Currently, methods widely applied to toxicity prediction tasks are primarily based on machine learning models of Quantitative Structure–Activity Relationship (QSAR), such as Support Vector Machines (SVM), Random Forests (RF), and Neural Networks (NN) [
6]. These models typically perform toxicity classification by extracting molecular structural features or molecular fingerprints. Although these methods have improved assessment efficiency, their reliance on structural features while neglecting complex interactions between chemicals and biological systems results in insufficient predictive accuracy and a lack of clear mechanistic interpretation, thereby limiting their practical applications [
7,
8]. Existing studies have shown that in toxicity prediction tasks involving multiple mechanisms or complex biological pathways, the performance of traditional machine learning models still has room for improvement, with accuracy largely constrained by the representational capacity of molecular structural information [
9,
10].
In recent years, with the rapid advancement of artificial intelligence technologies, Graph Neural Networks (GNNs) have attracted increasing attention for their powerful representation learning capabilities in graph-structured data [
11]. GNNs can effectively extract features from molecular graph structures and have been successfully applied to toxicity prediction, demonstrating considerable progress [
12]. However, most existing GNN models primarily focus on structural feature learning, failing to capture the multi-scale and multi-level complex relationships between compounds and biological systems. This limitation restricts their generalizability and, in particular, their interpretability regarding toxicological mechanisms [
13,
14].
Meanwhile, Knowledge Graphs (KGs), as a structured knowledge representation approach [
15], can effectively integrate heterogeneous biological information from multiple sources—including chemicals, genes, signaling pathways, and bioassays—thus providing richer semantic context and structured prior knowledge for mechanistic toxicology research [
16,
17]. Some recent studies have attempted to apply knowledge graphs to toxicity prediction, showing great potential in improving predictive performance and interpretability through graph embedding techniques [
18]. Nevertheless, research that integrates knowledge graphs with GNNs for toxicity prediction remains limited. There is a particular lack of systematic methods for fusion of heterogeneous biological information (e.g., compound–gene–pathway associations) into GNN models. Furthermore, no prior study has explicitly and systematically evaluated the quantitative improvement in predictive performance and interpretability resulting from the incorporation of biological mechanism information.

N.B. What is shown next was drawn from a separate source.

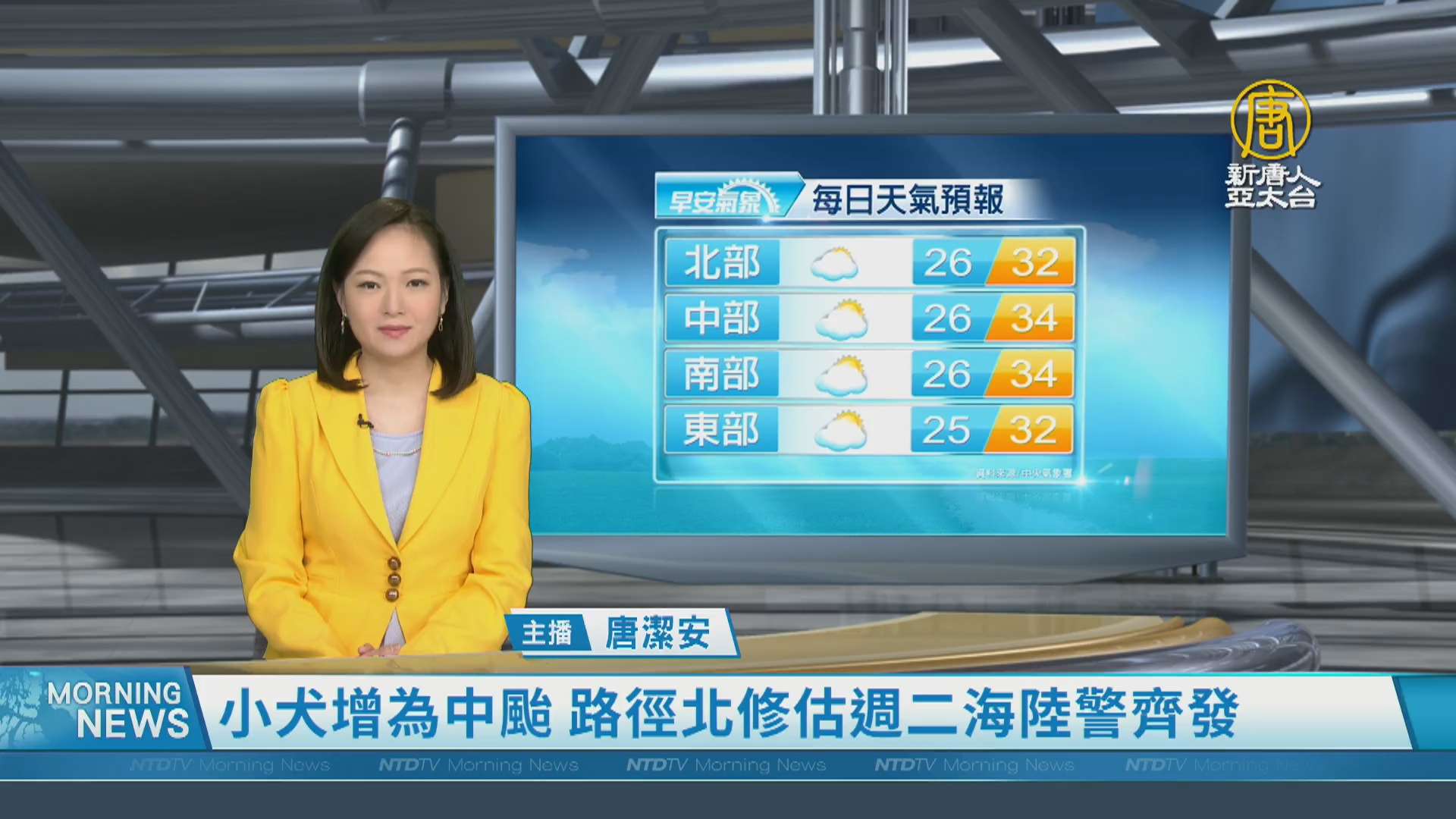 【新唐人亞太台 2023 年 10 月 02 日訊】歡迎您收看10月2日的早安新唐人,我是唐潔安,先來帶您關心天氣。「小犬」颱風逐漸增強,昨晚已經升級為中度颱風,加上路徑北修,對台灣的影響持續增加當中。氣象署最快明天清晨至上午發布海警、明天下午至晚間發布陸警,星期三至星期五,颱風影響台灣最明顯。帶您一起來看到國際媒體重要訊息。
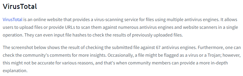 VirusTotal은 여러가지 antivirus 엔진을 사용하는 파일 등의 바이러스-스캔을 제공한다.

To address these gaps, this study proposes a novel molecular toxicity prediction framework that integrates knowledge graphs with GNNs. Specifically, we constructed a toxicological knowledge graph (ToxKG) by extending the ComptoxAI knowledge graph [
19], with data from publicly available databases, including PubChem, Reactome, and ChEMBL. ToxKG incorporates multiple entities such as chemicals, genes, pathways, and assays along with their complex relationships. We then combined heterogeneous features extracted from ToxKG, specifically compound–gene–pathway associations, with five classical molecular fingerprints (Atom-Pair, ECFP4, FP2, MACCS, and Morgan) as model inputs, and systematically evaluated six representative GNN models on the Toxicology in the 21st Century (Tox21) dataset. These models include Graph Convolutional Network (GCN) and Graph Attention Network (GAT) for homogeneous graphs, as well as Relational Graph Convolutional Network (R-GCN), Heterogeneous Representation Aggregation Network (HRAN), Heterogeneous Graph Transformer (HGT), and Graph Positioning System (GPS) for heterogeneous graphs. Experimental results show that incorporating knowledge graph information significantly improves predictive performance, with the GPS model achieving the highest
AUC value of 0.956 on multiple receptor prediction tasks, outperforming traditional methods and substantially improving interpretability.

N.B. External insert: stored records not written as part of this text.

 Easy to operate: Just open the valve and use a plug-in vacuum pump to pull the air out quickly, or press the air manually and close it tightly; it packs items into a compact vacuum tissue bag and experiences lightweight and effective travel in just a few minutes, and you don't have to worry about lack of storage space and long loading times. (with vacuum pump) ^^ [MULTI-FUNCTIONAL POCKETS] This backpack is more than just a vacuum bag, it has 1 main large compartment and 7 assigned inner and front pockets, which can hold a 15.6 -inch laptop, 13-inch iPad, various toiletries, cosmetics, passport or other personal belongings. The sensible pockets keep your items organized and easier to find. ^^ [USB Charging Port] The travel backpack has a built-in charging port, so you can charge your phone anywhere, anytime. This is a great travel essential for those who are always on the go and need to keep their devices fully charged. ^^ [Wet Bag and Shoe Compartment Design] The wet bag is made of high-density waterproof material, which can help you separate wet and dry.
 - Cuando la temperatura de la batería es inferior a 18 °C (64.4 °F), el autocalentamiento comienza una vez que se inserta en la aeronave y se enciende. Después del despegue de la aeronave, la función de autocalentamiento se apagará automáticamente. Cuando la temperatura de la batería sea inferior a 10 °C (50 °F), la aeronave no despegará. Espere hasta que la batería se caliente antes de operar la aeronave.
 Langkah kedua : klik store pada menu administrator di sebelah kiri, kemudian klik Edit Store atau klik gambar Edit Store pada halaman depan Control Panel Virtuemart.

The objective of this study is to develop a toxicity prediction framework that integrates multi-scale structural features with semantic knowledge, thereby significantly improving both predictive accuracy and interpretability by incorporating heterogeneous associations among compounds, genes, and pathways. Ultimately, this research provides a new paradigm and methodological foundation for building mechanism-oriented intelligent models for toxicological prediction.
2. Materials and Methods
2.1. Dataset and Preprocessing
This study employed the publicly available Tox21 dataset for experimental evaluation. The Tox21 dataset was jointly developed by the United States Environmental Protection Agency (EPA, Washington, DC, USA) and the National Institutes of Health (NIH, Bethesda, MD, USA), and is widely used for multi-task classification studies of compound toxicity [
20]. It contains activity assay results for 12 receptors.
To ensure data consistency and reliability, missing or uncertain experimental results were strictly filtered, compounds without definitive toxicity labels were marked as “−1” to explicitly distinguish missing values, and all samples lacking reliable toxicity annotations were excluded to ensure data consistency and reliability. After processing, a total of 7831 compounds with toxicity labels across 12 receptors were retained for subsequent modeling and analysis.
The Simplified Molecular Input Line Entry System (SMILES) representations in the Tox21 dataset were used to retrieve corresponding PubChem CIDs via the PubChemPy toolkit. These CIDs were then cross-referenced with those recorded in the Toxicological Knowledge Graph (ToxKG), revealing that 6587 compounds were shared by both sources. After examining the completeness of their Compound–Gene–Pathway relationships in ToxKG, 6565 compounds were found to contain full relational information and were retained as the final dataset for all subsequent experiments. The list of these 6565 compounds used for model training and evaluation is provided in
Supplementary Table S1. Both heterogeneous GNN models incorporating knowledge graph features and homogeneous GNN models using molecular fingerprints were trained on this unified dataset to ensure comparability and fairness across methods. Based on these data, we generated statistical plots (
Figure 1) to illustrate the distribution of valid, toxic, and non-toxic compounds across the 12 receptors. As shown in
Figure 1, a notable class imbalance exists between toxic and non-toxic compounds, which may cause the models to favor majority classes during training and consequently affect prediction performance.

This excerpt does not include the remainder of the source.